Вопрос был ожидаемым. Я и сам себе задавал его не раз. Зачем будущему учителю-словеснику знать историю и особенности японского театра, тратить на его изучение усилия и время? С одной стороны, это не имело никакого смысла. Но, с другой – мне нравился сам процесс узнавания и погружения в новую для меня область. И это доставляло мне моральное удовлетворение, возникало даже сознание превосходства над товарищами по учебе. Разумеется, я этого никогда не высказывал, но благодаря этому я чувствовал уверенность в себе и внутреннюю свободу. А на вопрос профессора я ответил, что давно интересуюсь театром, что самостоятельно изучал историю русского и европейского театра, что с некоторых пор меня интересует восточный театр, в частности японский, и что мой интерес к театру – это любительство, а с профессией я давно определился. Я поблагодарил профессора за то, что он согласился посмотреть мой реферат и за высказанные им замечания. Но, несмотря на их суровость, я намерен и дальше расширять и углублять свои знания в этой области и что мне хотелось бы иногда консультироваться с ним.

− Ну, слава богу, я рад, что вы все правильно понимаете. Я со своей стороны готов вас консультировать, если у вас возникнет в этом необходимость. А теперь идемте в столовую пить чай.

Мне хотелось поскорее убежать, но отказаться было невежливо, и я последовал за профессором. В столовой, в центре длинного стола, стоял большой самовар, а около него хлопотали две женщины. От самовара исходило тепло, из приоткрытого клапана на его крышке поднимался пар.

− Наш добрый друг и ангел-хранитель нашего дома, Агриппина Григорьевна, – отрекомендовал профессор аккуратную седую старушку накрест перевязанную шалью, – и моя дочь Наталья Дмитриевна, – указал он на другую женщину в такой же, как и сам, овчинной душегрейке. – А это наш гость студент-филолог Александр Воробьев, – представил он меня и добавил после некоторой паузы, – он интересуется японским театром.

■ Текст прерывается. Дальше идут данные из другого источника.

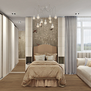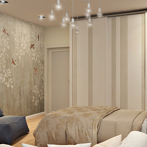 Интерьер спальни с рейками с подсветкой, подсветкой настенной и подсветкой светодиодной в современном стиле, проект «Детская для гимнастки, которая любит играть на гитаре» №2

За чаем по просьбе профессора я рассказал о своем происхождении, о своих родителях. Когда я упомянул о том, что родители хотели, чтобы я выучился на пчеловода, Агриппина Григорьевна заметила:

– А родители ваши, по-моему, правы. Для деревенского парня самая подходящая профессия. Стали бы пчеловодом, жили бы на пасеке в окружении природы. Это же замечательно! Зачем вам филология?

− Ах, голубушка, Агриппина Григорьевна, – вступил в разговор профессор, это нам со стороны кажется, что пчеловод лучше филолога. А у молодых людей свои предпочтения. Мои покойные родители когда-то тоже хотели видеть меня химиком. Особенно отец настаивал на моем поступлении в Технологический институт, а я пошел в университет, да еще на восточное отделение. Мы ведь все, милостивый государь, – обратился профессор ко мне, – петербуржцы – ленинградцы. А здесь оказались волею обстоятельств. Агриппина Григорьевна была в эвакуации. Да так и осела. Ну а я со своим семейством приехал хоть и добровольно, но тоже были свои обстоятельства. Когда здесь создавался университет, то в порядке укрепления кадрами мне предложили возглавить кафедру языкознания. Я согласился, потому что больной и овдовевший дед нуждался в помощи. И, кроме того, надо было унаследовать вот этот самый дом – единственное, что удалось сохранить деду из всего его недвижимого имущества. Я переехал сюда, а родители остались в Ленинграде и умерли во время блокады.

Когда я собрался уходить, профессор дал мне завернутую в газету книгу:

– Эту книжку мне прислали из Ленинграда. Она о театре кёген, о котором, кстати, в вашей работе не упомянуто. Автор книги – известный в Японии ученый-театровед Номуро Мандзо, создатель и руководитель первой профессиональной труппы кёген. А перевел ее с японского мой старый университетский товарищ. Книжка с дарственной надписью, подарить ее вам я не могу, а почитать дам. Вы с ней ознакомитесь, и мы о ней с вами потолкуем. Как прочитаете – приходите.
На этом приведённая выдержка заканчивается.